A data structure is a way of organizing and storing data so we can work with it efficiently. Different types of data require different organizational strategies—think of how a dictionary organizes words alphabetically for quick lookup, or how a map uses geometric layouts to represent locations and routes.

When we study data structures, we typically approach them from two angles:

  1. Abstract Data Types (ADTs): The mathematical and logical perspective
  2. Implementation: How we actually build them in code

Abstract Data Types (ADTs)

An ADT defines what operations a data structure can perform without specifying how those operations work under the hood. It’s like knowing you can turn a TV on and off, change channels, and adjust volume—without needing to understand the internal circuitry.

ADT vs. Data Structure

Let’s clarify the distinction with an example:

List ADT (the “what”):

  • Store elements in sequential order
  • Insert elements at any position
  • Remove elements from any position
  • Access and modify elements by position
  • Track the number of stored elements

This is abstract—we’re describing capabilities, not implementations.

List Implementation (the “how”):

  • Array-based list
  • Linked list
  • Dynamic array
  • And more…

These are concrete implementations of the same ADT concept.

Note: In C, there’s no built-in stack implementation.
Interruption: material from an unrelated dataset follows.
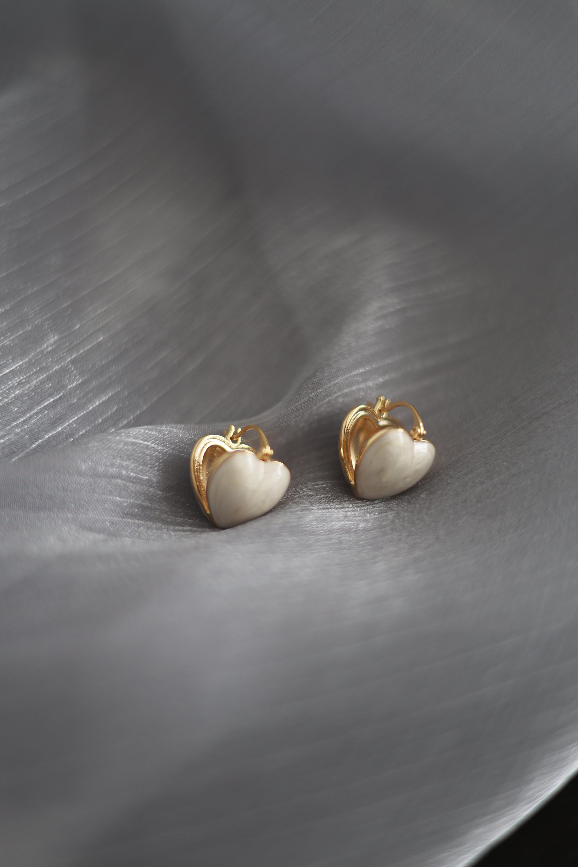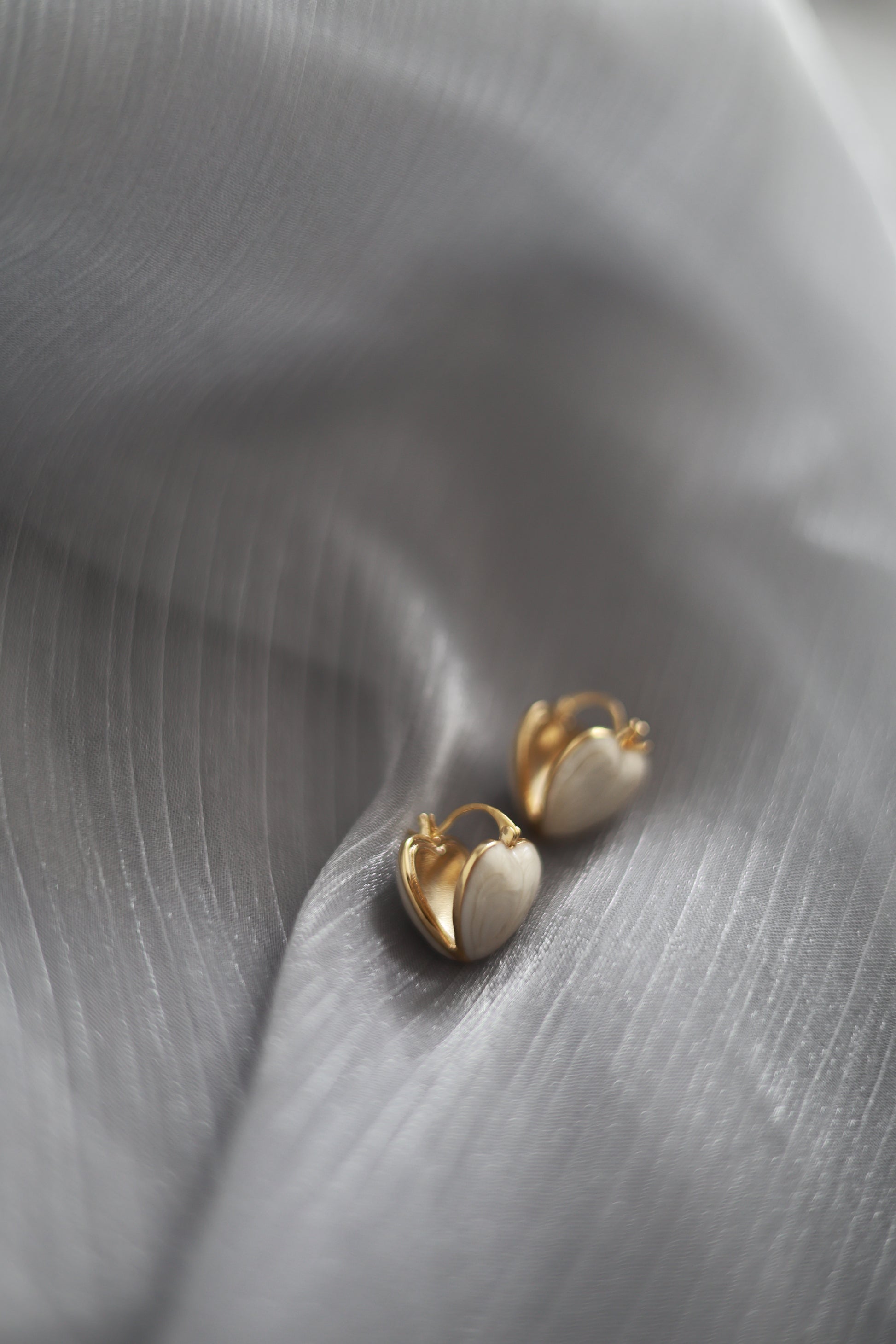 Delicate yet bold, these ivory enamel heart hoops are a celebration of softness and strength.

You have to build one yourself using arrays or linked lists—that’s the implementation part.

Practical Example: Implementing a List with Arrays

Let’s see what happens when we implement the List ADT using an array:

Initial state:
[2][4][3][7][ ][ ][ ]  end=3

Insert 5 at position 2:
[2][4][ ][3][7][ ][ ]  ← shift elements right
[2][4][5][3][7][ ][ ]  ← insert 5, end=4

Time Complexity Analysis

  • Insertion: $O(N)$ in the worst case (when inserting at the beginning)
    • We have to shift all subsequent elements
  • Access/Modification: $O(1)$
    • Direct indexing makes this fast
  • Handling Full Arrays:
    • Create a new, larger array (typically double the size)
    • Copy all elements to the new array
    • This is expensive and wastes memory if we overestimate capacity

The Problem

Array-based lists have limitations:

  • Costly insertions and deletions
  • Inefficient memory usage
  • Fixed maximum capacity (or expensive resizing)

This is where linked lists come in, offering a different set of trade-offs that we’ll explore in future posts.

Why This Matters

When solving problems, your first question should be: Which ADT fits this problem? Only after choosing the right abstraction should you worry about implementation details. This separation of concerns makes code more flexible and easier to reason about.

Think of ADTs as contracts—they guarantee certain operations will be available, regardless of how they’re implemented behind the scenes.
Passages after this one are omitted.